The binding of levetiracetam and its main metabolite plasma protein is less than 10%. Volume of distribution (Vd) is approximately 0.5-0.7 l / kg, which approximately corresponds to the volume of water in the body.
Biotransformation
Levetiracetam is poorly metabolized in the human body. The main metabolic pathway (24% dose) is the enzymatic hydrolysis of the acetamide group. Isozymes of liver cytochrome P450 do not participate in the formation of the main metabolite (ucb L057). Hydrolysis of the acetamide group occurs in many tissues, including blood cells. Metabolite ucb L057 pharmacologically inactive.
Two secondary metabolites were also detected. The former is formed by hydroxylation of the pyrrolidone ring (1.6% of the dose), the second by the opening of the pyrrolidone ring (0.9% dose). Other unidentified metabolites are only 0.6% of the dose.

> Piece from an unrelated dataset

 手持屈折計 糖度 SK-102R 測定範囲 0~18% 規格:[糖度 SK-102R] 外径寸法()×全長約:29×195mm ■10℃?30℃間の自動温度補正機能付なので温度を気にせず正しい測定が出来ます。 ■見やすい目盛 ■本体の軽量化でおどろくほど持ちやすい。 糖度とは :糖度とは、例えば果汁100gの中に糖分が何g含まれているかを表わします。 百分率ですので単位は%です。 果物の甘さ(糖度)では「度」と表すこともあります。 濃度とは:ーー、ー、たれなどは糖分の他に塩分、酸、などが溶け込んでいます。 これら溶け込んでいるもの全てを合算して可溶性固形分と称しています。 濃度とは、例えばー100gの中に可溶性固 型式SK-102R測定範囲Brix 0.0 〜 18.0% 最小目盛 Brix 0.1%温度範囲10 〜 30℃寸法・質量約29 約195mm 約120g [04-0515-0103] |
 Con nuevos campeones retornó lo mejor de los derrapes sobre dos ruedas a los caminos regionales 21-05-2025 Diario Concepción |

Optical isomerization of levetiracetam and its main metabolite under conditions in vivo not detected.
Levetiracetam and its main metabolite do not inhibit the main isoenzymes of human cytochrome P450 (CYP3A4, 2A6, 2C9, 2C19, 2D6, 2E1 and 1A2), glucuronyltransferase (UGT1A1 and UGT1A6) and epoxy hydroxylase in vitro. Levetiracetam also does not affect the glucuronation of valproic acid in vitro.

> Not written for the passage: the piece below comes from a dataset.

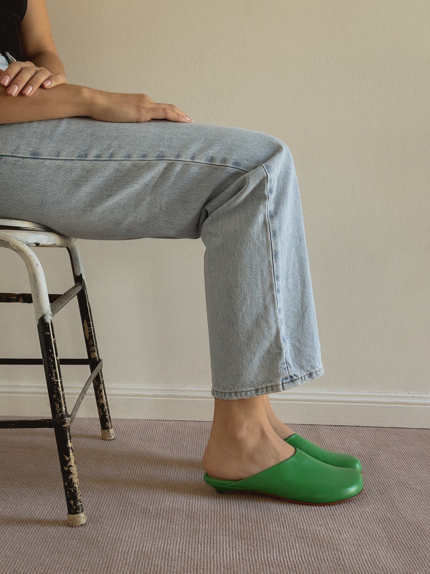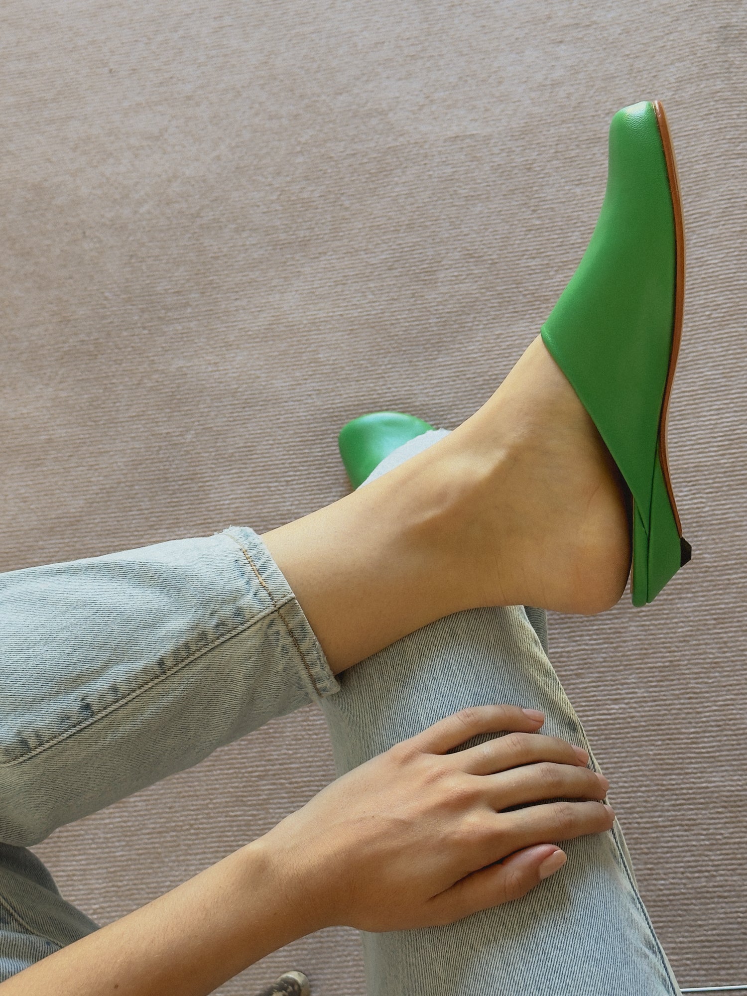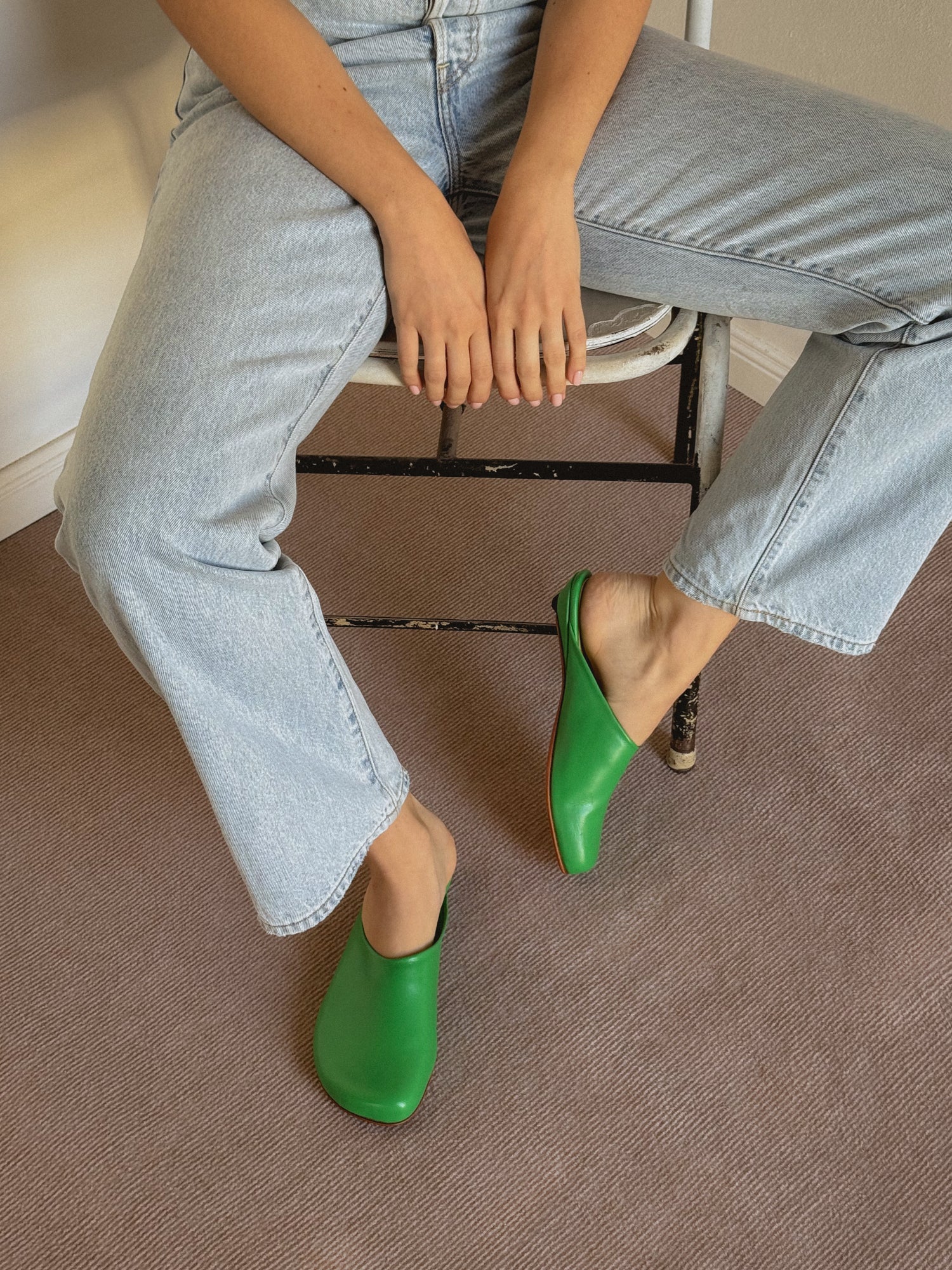 The Charo is our elevated take on a comfort classic. This slip-on leather clog features a wide toe box and a subtle 1-inch mini wedge heel that adds just enough lift without sacrificing ease. In Grass—a bold, bright green that energizes neutrals and plays well with warm-weather dressing—this version brings a playful edge to a practical shape.

In human hepatocyte culture levetiracetam had little or no effect on the activity of isoenzymes CYP1A2, SULT1E1 and UGT1A1. Levetiracetam weakly induced isoenzyme activity CYP2B6 and CYP3A4. Data on the drug interaction with oral contraceptives, digoxin and warfarin in vitro and in vivo show that significant induction of enzymes in vivo not expected. Therefore, the interaction of levetiracetam with other substances or the interaction of other substances with levetiracetam is unlikely.
Excretion
The half-life (T1/2) from the blood plasma of an adult is 7 ± 1 h and does not depend on the dose, route of administration and duration of application. The average overall clearance is 0.96 ml / min / kg.
95% of the drug is excreted by the kidneys (of which about 93% of the dose is excreted within 48 hours). Excretion with faeces is only 0.3% of the dose.
The total excretion of levetiracetam and its main metabolite is 66 and 24%, respectively, of the dose taken within the first 48 hours. Renal clearance of levetiracetam and its metabolite ucb L057 is 0.6 and 4.2 ml / min / kg, respectively, indicating the excretion of levetiracetam by glomerular filtration followed by tubular reabsorption, and the main metabolite, along with glomerular filtration, active tubular secretion.
Elimination of levetiracetam correlates with creatinine clearance (CC).
Elderly patients
In elderly patients, T1/2 increases by 40% and is 10-11 hours, which is associated with a decrease in kidney function in this category of patients.
Patients with renal insufficiency
The apparent clearance of levetiracetam and its main metabolite correlates with QC. Therefore, patients with renal insufficiency is recommended to select a dose depending on the CK.
In the terminal stage of renal failure in adult patients, T1/2 is 25 hours between dialysis sessions and 3.1 hours during dialysis. During a 4-hour dialysis session, up to 51% of levetiracetam is removed.
Patients with impaired hepatic function
In patients with impaired liver function of mild and moderate severity, no significant changes in the clearance of levetiracetam occur. In most patients with severe impairment of liver function with concomitant renal failure, the clearance of levetiracetam declines by more than 50%.
Children aged 4-12 years
The pharmacokinetics of levetiracetam in children is linear. After a single dose of 20 mg / kg T1/2 in children 6-12 years of age is 6 hours.The weight-corrected apparent apparent clearance is 30% greater than that of adults with epilepsy.
After prolonged use of the drug at a dose of 20 to 60 mg / kg / day, the absorption of levetiracetam in children 4-12 years of age is rapid. FROMmax is achieved within 0.5-1 h.
FROMmax and the area under the pharmacokinetic curve "concentration-time" (AUC) are linear and proportional to the dose. Terminal T1/2 is 5 hours. The apparent clearance is 1.1 ml / min / kg.